私は今まで何者でもないのに、「テレビ業界にいる」「みんなの知っている番組をつくっている」「アナザースカイのスタッフ」という世間一般に認知されていることを自分の価値に置き換えて、みんなに「すごいね」って言ってもらえることを誇りにしていました。恩恵にのっかりすぎていたんですよね、ディレクターでもなんでもないのに。また、私は体を酷使して過剰に働くことを「努力できる自分」と捉えて、自己肯定感の根源にしていました。しかし、それらは「テレビ業界で頑張る自分」という存在にあやかり、「まやかしの自分」で自分を保っていただけだったんですよね。
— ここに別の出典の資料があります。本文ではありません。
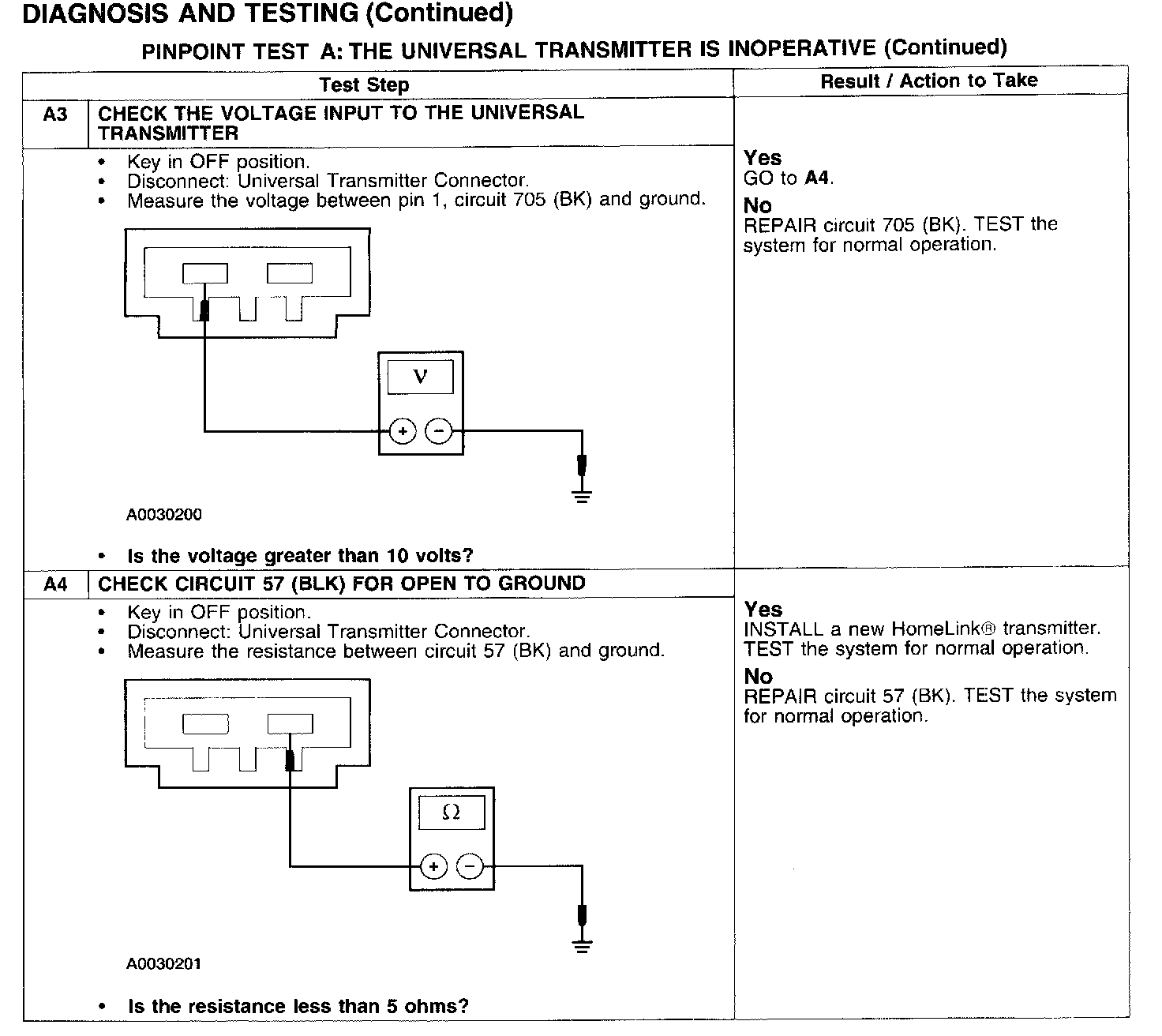 PINPOINT TEST A: THE UNIVERSAL TRANSMITTER IS INOPERATIVE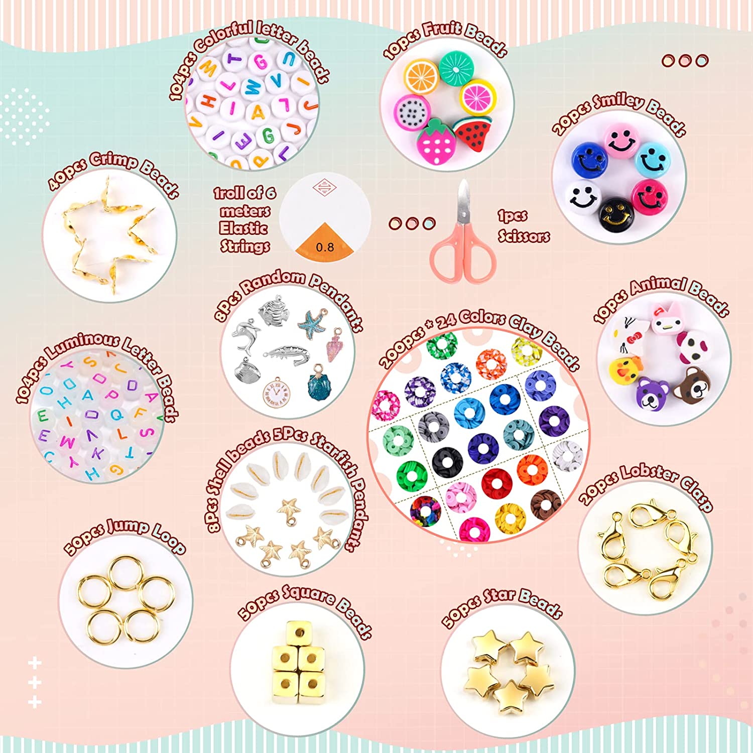 FZIIVQU Clay Heishi Beads Kit with Smiley Face Beads for Bracelets Making 5280+ Polymer Preppy Flat Clay Beads for Jewelry Making Set Lnclude UV Letter Beads & Fruit Animal Gold Star Spacer Beads etc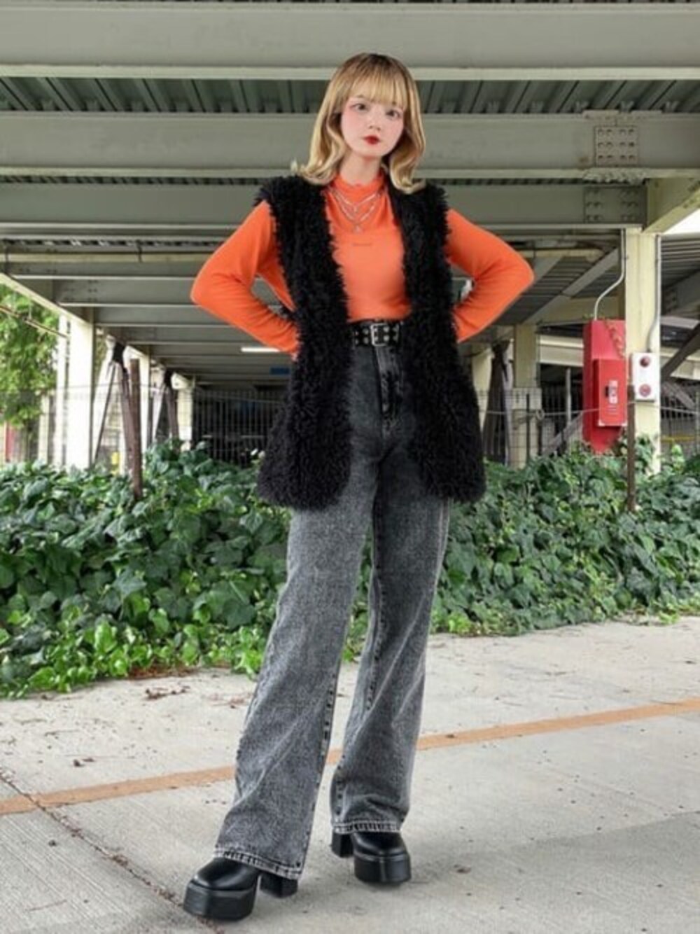 きれいめな印象のファーベストを あえてストリートテイストでスタイリング! いい感じにまとまりました☆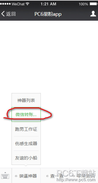 以上就是pc6小编带来的微信转账生成器在哪里。 苹果应用引领新的上网速度革命,给您带来超快体验。 |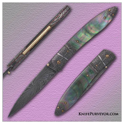 Don Hanson III’s Custom Knife: Sole Authorship Damascus Blade and Bolsters with 18Kt Gold Backbar and Blacklip Pearl Scales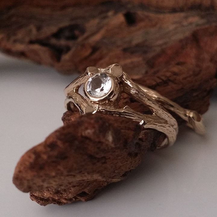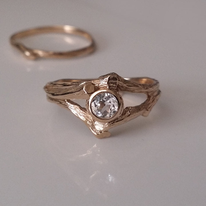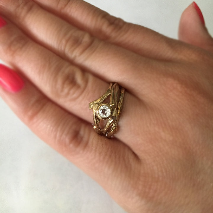 Four Twigs, hand sculpted with a textured bezel nestled between the twigs. The wedding band has two branches coming together which is worn close to the heart.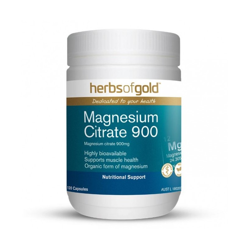 Herbs of Gold Magnesium Citrate 900 provides an organic form of magnesium to maintain healthy muscle contraction function and nervous system health. Magnesium citrate is a well-absorbed form of magnesium and helps to prevent dietary magnesium deficiency.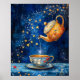 Step into a moment of everyday magic with this enchanted tea service wall art. The whimsical art poster print features a beautifully decorated teapot pouring a glowing stream of tea into an ornate teacup, while golden stars drift through a deep celestial night sky.
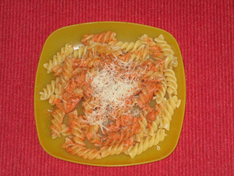 Hier gab es gestern den Rest vom Sonntag und heute Nudeln mit Kräuter-Tomaten-Soße.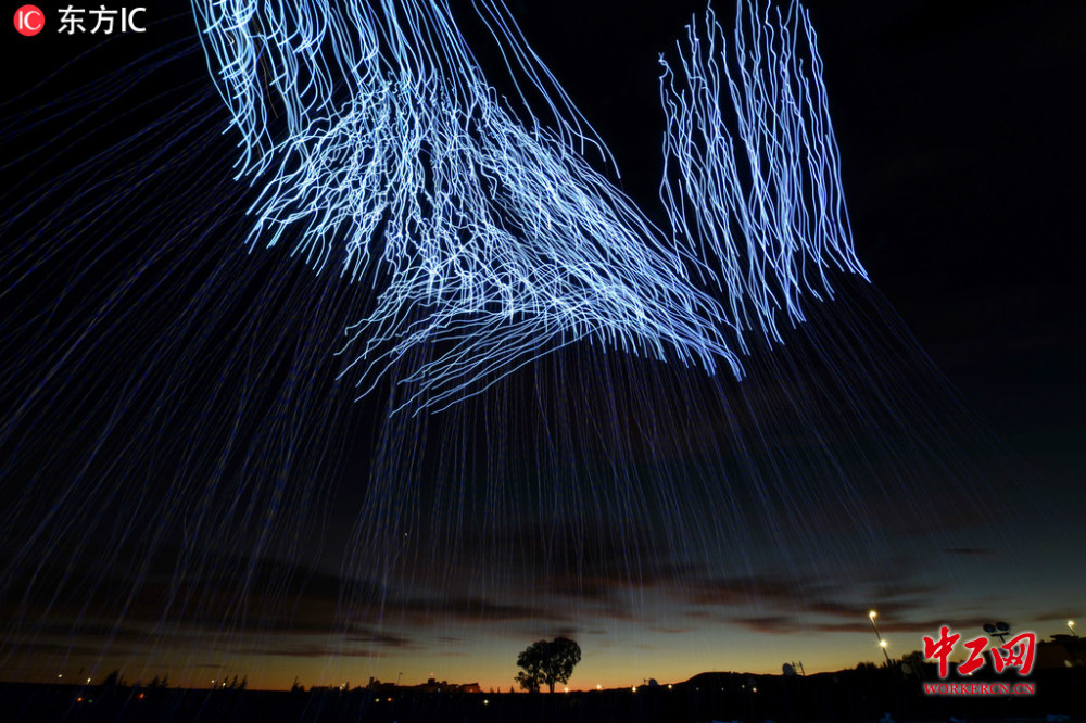 当地时间2018年7月5日,美国加利福尼亚州特拉维斯空军基地,500架无人机进行空中灯光秀。美国空军军士Christian Conrad用延时摄影的办法,拍下了这精彩的瞬间。

もうね、ずっと考えてました。本当の自分の価値はどこにあるんだろうって。でも、次第に「今まで私が経験したことは嘘ではないから、その経験を持って、自分が作る作品で価値を提供していくしかない」と、本当に進みたい方向が見えてきました。

-こうして、自分の価値を再認識して、再出発したんですね

でも、再認識できるようになったのは、作品が出来上がってまわりに「いいね!」と言われるようになってからです。一歩踏み出した時にはまだ暗闇の中にいましたが、手探りで自分の撮りたい作品を追求し始めました。

-その一つが、自主制作の「手と手」シリーズですね。

はい。「手と手」はモノづくりをする職人たちをフィーチャーした短編ドキュメンタリーで、私のライフワークとしてやっていきたい作品です。

手と手(2016)

「手と手」は私の大好きな職人さんたちの神の域に触れる手仕事に向き合う作品だったので、宝物のように制作しました。映像内のキャプションの言葉もすべて私の手書きです。今思うと狂気の沙汰ですね(笑)
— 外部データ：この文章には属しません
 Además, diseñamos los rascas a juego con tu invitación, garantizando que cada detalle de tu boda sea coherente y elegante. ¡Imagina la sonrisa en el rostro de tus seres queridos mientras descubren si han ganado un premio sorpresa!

ここからチャンスの扉が開き始め、自分のキャリアの分岐点となるお仕事に恵まれるようになります。

映像を介して、好きな人たちと生きる

-Shioriさんの人生を振り返ると、高い目標を掲げて準備するというより、目の前の好奇心に従って素直に行動する方ですよね。

そうですね。「10年後の目標って何ですか?」ってよく聞かれるんですけど、ないんですよね。直近の目標は考えますが、ロングスパンの目標を持てないんです。というのも、中学の頃から目の前に来たチャンスの扉を開けて開けて開けてきた人間なので、将来のことは予測できない実感があるんです。だから考えても無意味だなって。

-チャンスを掴めるのも実力のうちですが、そのために意識していることはありますか?

常に自分をreadyの状態にしておくことは心がけていますね。

あと、今思うのは、興味ある方向に進むと、自分の好きな人たち、自分が身を置きたいと思えるコミュニティがそこにあるんですよね。その人たちと繋がり、時間を共有する。その積み重ねが、自分の人生の通知表だと考えています。

だから、何を成し遂げたいかというより、「どういう人たちと一緒に生きていきたいか」に重きを置いていますね。

-自分の考えは、周りの人たちからインスパイアされて、ブラッシュアップされていくものですよね。

そう。だから、好きな人と生きていくために、私は映像をコミュニケーションツールにしています。演者に対してだけでなく、チームとしてもです。映像を介すると、お互いが向き合う時間が生まれ、精神的な深い部分で対話ができるんですよね。だから、相手のことをもっと知って、お互いの強みを引き出しあって、いい仕事ができたら最高だなって。

だから、私は日常も仕事も人間関係を切り分けず、同じところでつながっている感覚があります。今でこそやっとできるようになりましたが、すごく贅沢な生き方だと感じますね。


自分の気持ちに嘘をつかない。それは、自分に対してだけでなく、周りの人に対しても誠実でいる証。いつも自分に素直であるからこそ、他者との本物の信頼関係や絆も築けるのでしょう。Shioriさんのように自分の感性を信じて生きてみると、自分の好きな人たちやチャンスがめぐってくるような希望を感じました。